2. Description of Related Art
Uncooled infrared thermal detectors have recently been developed into large-size focal plane arrays (hereinafter “FPA”). Use of a microbolometer is one successful method for infrared detection at room temperature. A microbolometer-type FPA typically employs vanadium oxide on silicon nitride with a micro-mechanically machined air bridge structure. The temperature coefficient of resistance for vanadium oxide is approximately 2%. The air bridge structure is built directly on a silicon readout integrated circuit (“ROIC”). Growth of detector materials directly on the ROIC restricts the material thin film growth temperature to less than 550° C. as a result of the thermal budget limitation associated with the ROIC.

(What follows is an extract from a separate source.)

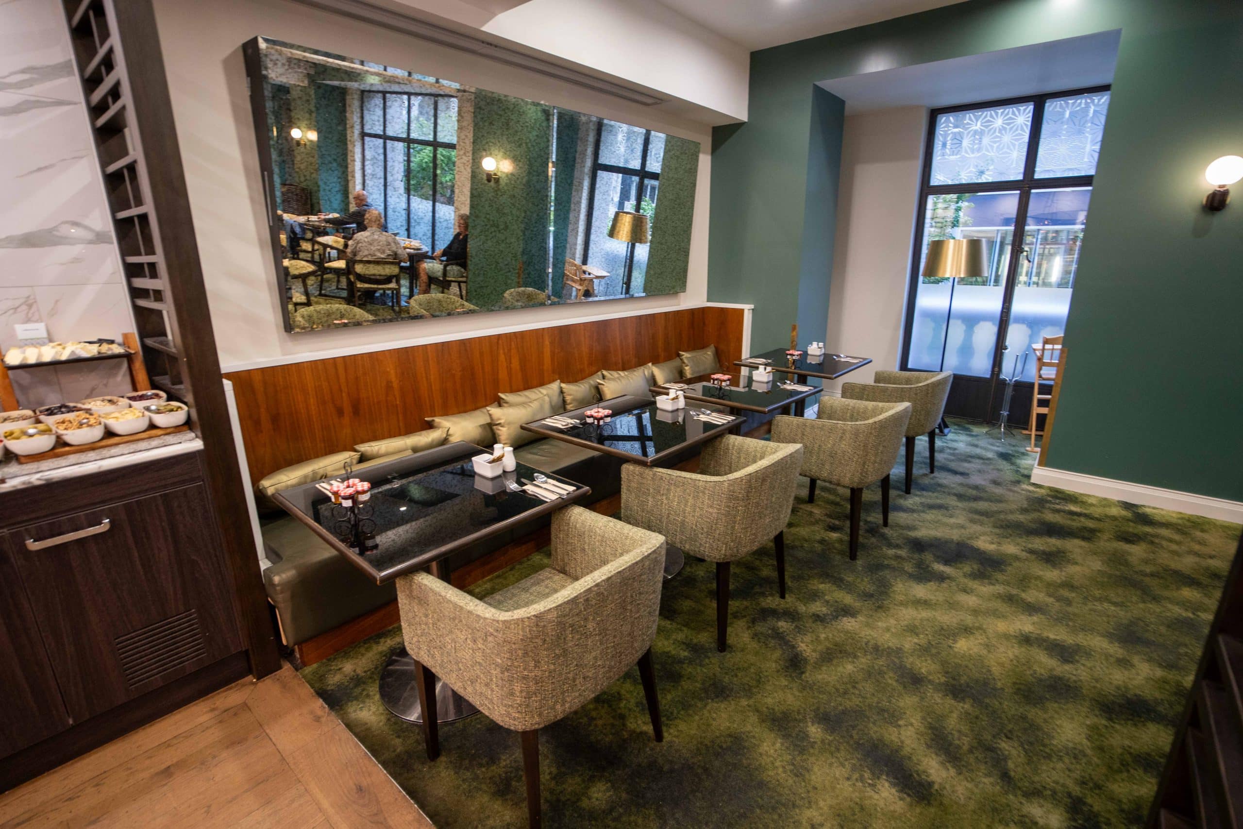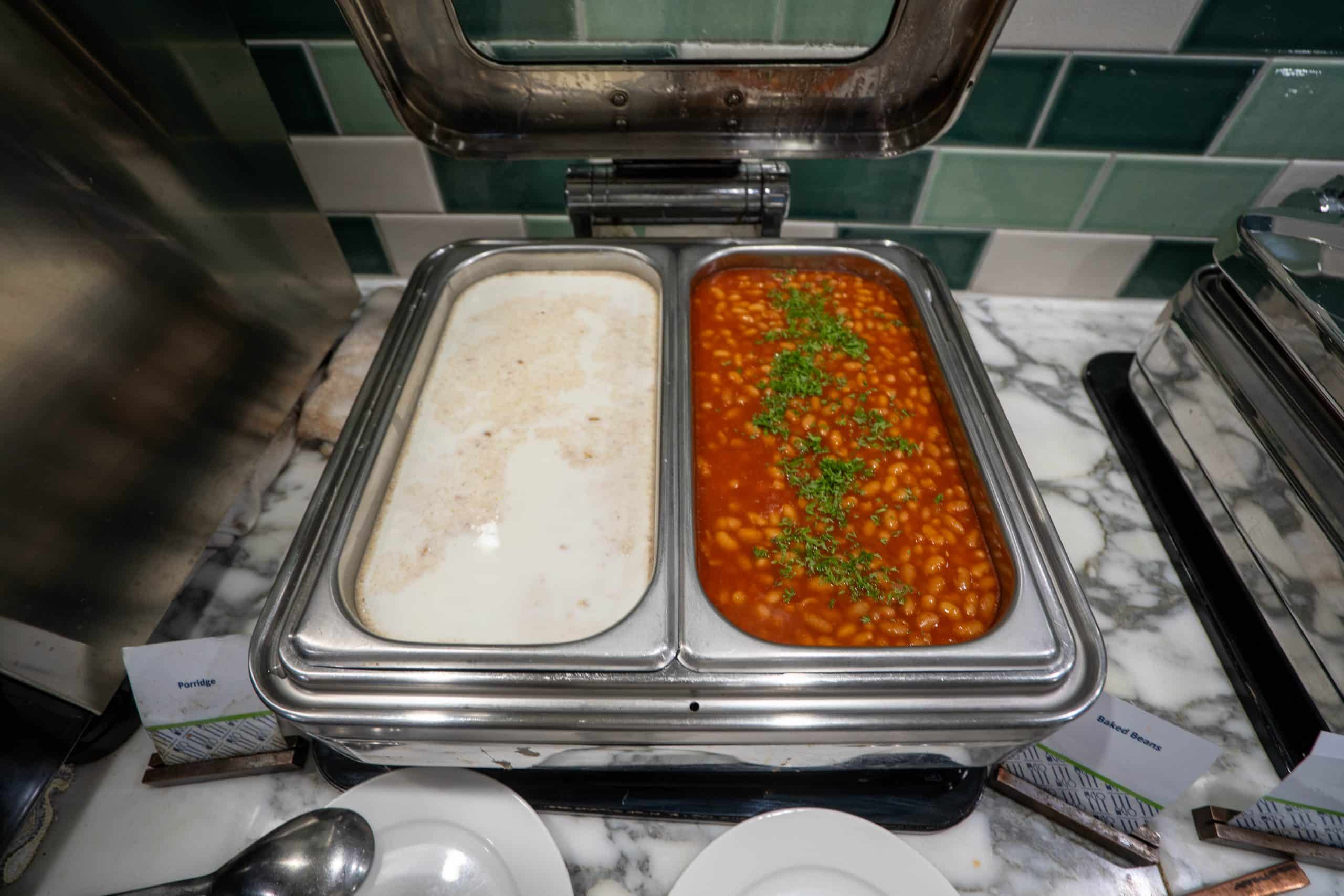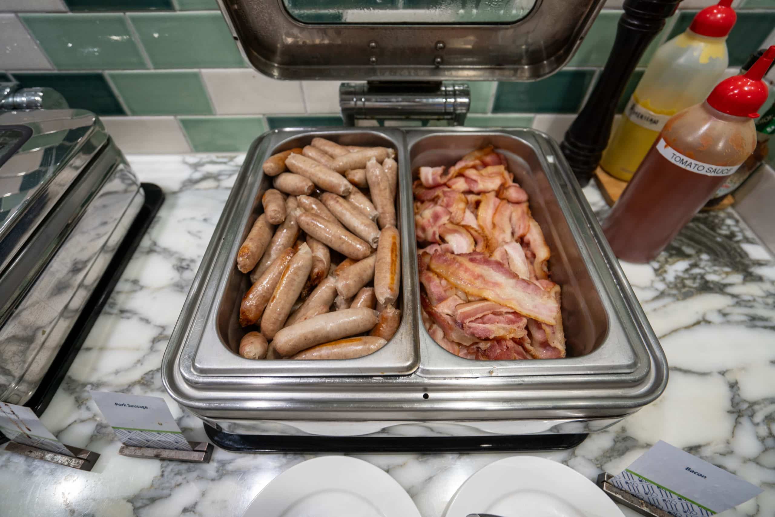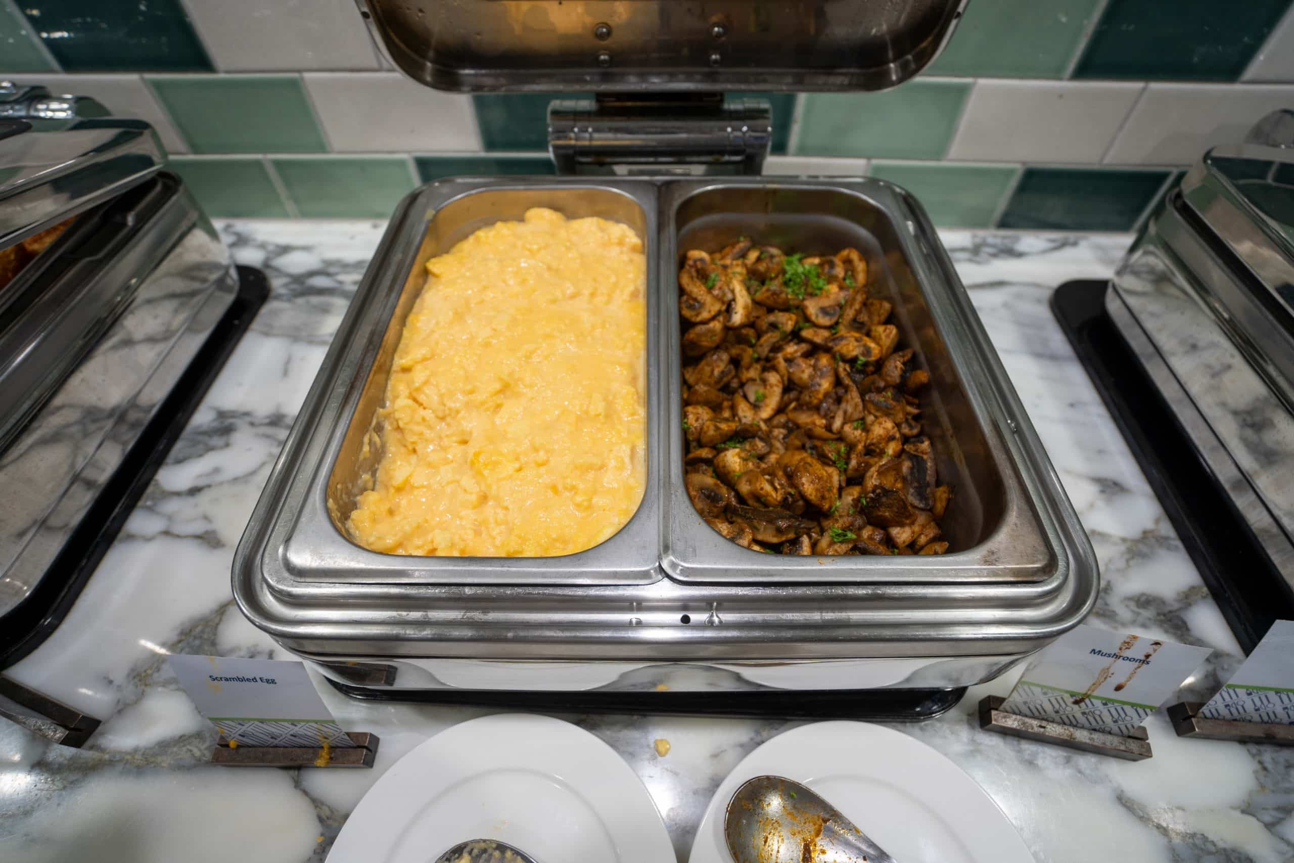 The restaurant has a light buffet spread with hot items such as eggs, bacon, and pancakes, as well as a small selection of cured meats, cheese, fruits, and pastries.

The use of colossal magneto-resistive (“CMR”) materials for uncooled infrared detectors is described in Goyal et al., A., AMaterial Characteristics of Perovskite Manganese Oxide Thin Films for Bolometric Applications, ′ Applied Physics Letters, Vol. 71 (17) (27 Oct. 1997), pp. 2535–2537. CMR materials demonstrate an exceptionally large change in resistance with temperature as they transition from a ferromagnetic to a non-ferromagnetic phase. The transition temperature can be adjusted through appropriate selection of materials and process conditions. The results have demonstrated the feasibility of growing CMR thin films on perovskite oxide material substrates such as LaAlO3 and SrTiO3 with a resultant temperature coefficient of resistance of greater than 7%. However, the temperature for growth of the CMR material, however, must be relatively high (i.e., greater than 700° C.), which makes it difficult to grow directly on the ROIC.
CMR materials have a perovskite crystal structure with a square base. The lattice constant “a” of the square base of a CMR material is approximately 3.8 to 3.9 Å depending on the material composition. As indicated above, CMR thin films have been successfully grown on perovskite oxide substrates such as LaAlO3 and SrTiO3, and exhibit a good crystal orientation and a high temperature coefficient of resistance. These perovskite oxide substrate materials are employed because of the correspondence of their crystal structure and lattice constant to those of CMR materials. For example, SrTiO3 has a cubic crystal structure with a lattice constant of 3.905 Å, and LaAlO3 has a pseudo-cubic crystal structure with a lattice constant of 3.79 Å. These properties facilitate the growth of a CMR material on LaAlO3 and SrTiO3 with a resultant high crystal orientation and quality. The detector material can be bonded to a ROIC, then the substrate is removed. A disadvantage associated with use of these materials, however, is that both LaAlO3 and SrTiO3 are very difficult to remove by etching once the detector array has been bonded to the ROIC.
Therefore, a general need exists to provide a method of fabricating an uncooled infrared detector which both satisfies the temperature coefficient of resistance and fabrication temperature constraints, and also provides a detector of the requisite film quality. An even more specific need exists to provide a CMR transferred thin film method in which the substrate can be easily removed.